Prof Stephen McKenna – University of Dundee
Multi-modal Activity Recognition in the Kitchen
Stephen McKenna (Joint work with Sebastian Stein)
Food preparation provides an ideal setting in which to explore many of the challenges involved in activity recognition. It involves complex manipulative gestures using a variety of utensils, ingredients and other objects, and large variation in the order and manner in which steps are performed even when following a fixed recipe. Research in this area is further motivated by applications such as situational support systems for activities of daily living.
We have recently made available the 50 Salads annotated dataset to facilitate research on this topic. It captures 25 people preparing two mixed salads each over a total of 4.5 hours. These activities were recorded using an RGB-D camera (Kinect) and accelerometers embedded in utensils. In this talk we describe this dataset and its annotation, and suggest various research problems for which it might prove useful. We then use it to investigate a 10-class activity recognition task, specify an evaluation protocol and present results for a range of methods. Motion features extracted from accelerometer data and video data are fused at different stages of the recognition process through accelerometer localization, feature concatenation, or by combining classifier outputs. Experiments demonstrate that fusing information can improve recognition performance.
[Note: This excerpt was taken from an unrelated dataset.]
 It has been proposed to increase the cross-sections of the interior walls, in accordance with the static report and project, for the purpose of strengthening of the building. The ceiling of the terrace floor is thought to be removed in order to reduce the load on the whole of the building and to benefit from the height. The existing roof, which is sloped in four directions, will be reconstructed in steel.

We also investigate user-adaptation and find that combining generic and user-specifc models can increase recognition accuracy, particularly when the number of training subjects is small.
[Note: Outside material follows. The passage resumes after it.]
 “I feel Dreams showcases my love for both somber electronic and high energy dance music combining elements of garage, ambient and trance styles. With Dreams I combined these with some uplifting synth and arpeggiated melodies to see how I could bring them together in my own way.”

If time allows, I will also summarise some other research from our group, on automatic analysis of cancer in histopathology images.
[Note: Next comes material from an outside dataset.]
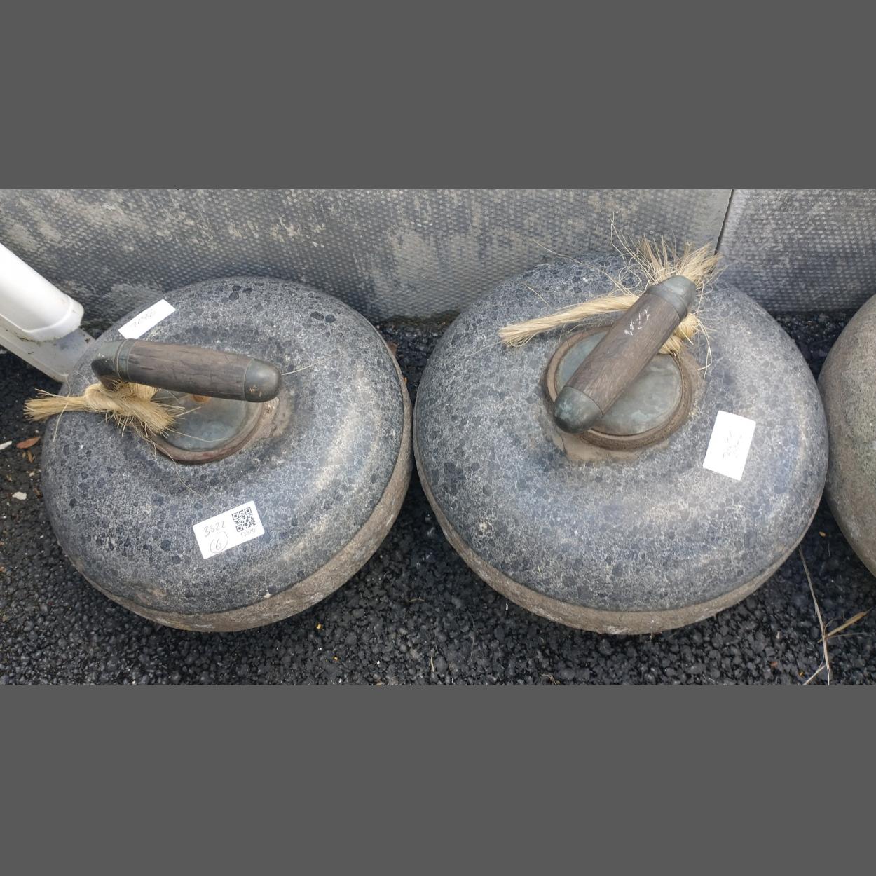 A lovely pair of antique AILSA CRAIG curling stones in good condition complete with original wooden handles. Very good order and they display beautifully.

Stephen McKenna holds a Personal Chair in Computer Vision at the University of Dundee. He is based in the School of Computing where he leads the Computer Vision & Image Processing group (CVIP) together with colleagues Manuel Trucco and Jianguo Zhang. CVIP currently focuses on applications in biomedical image analysis and human activity recognition (http://cvip.computing.dundee.ac.uk), developing methods for modelling visual domains, typically using machine learning, to support interpretation and decision-making. Much of this research is interdisciplinary.
School of Computing Science & Digital Media, Robert Gordon University, Riverside East, Garthdee Road, Aberdeen, Conference Room N204, 14:10 – 15:10.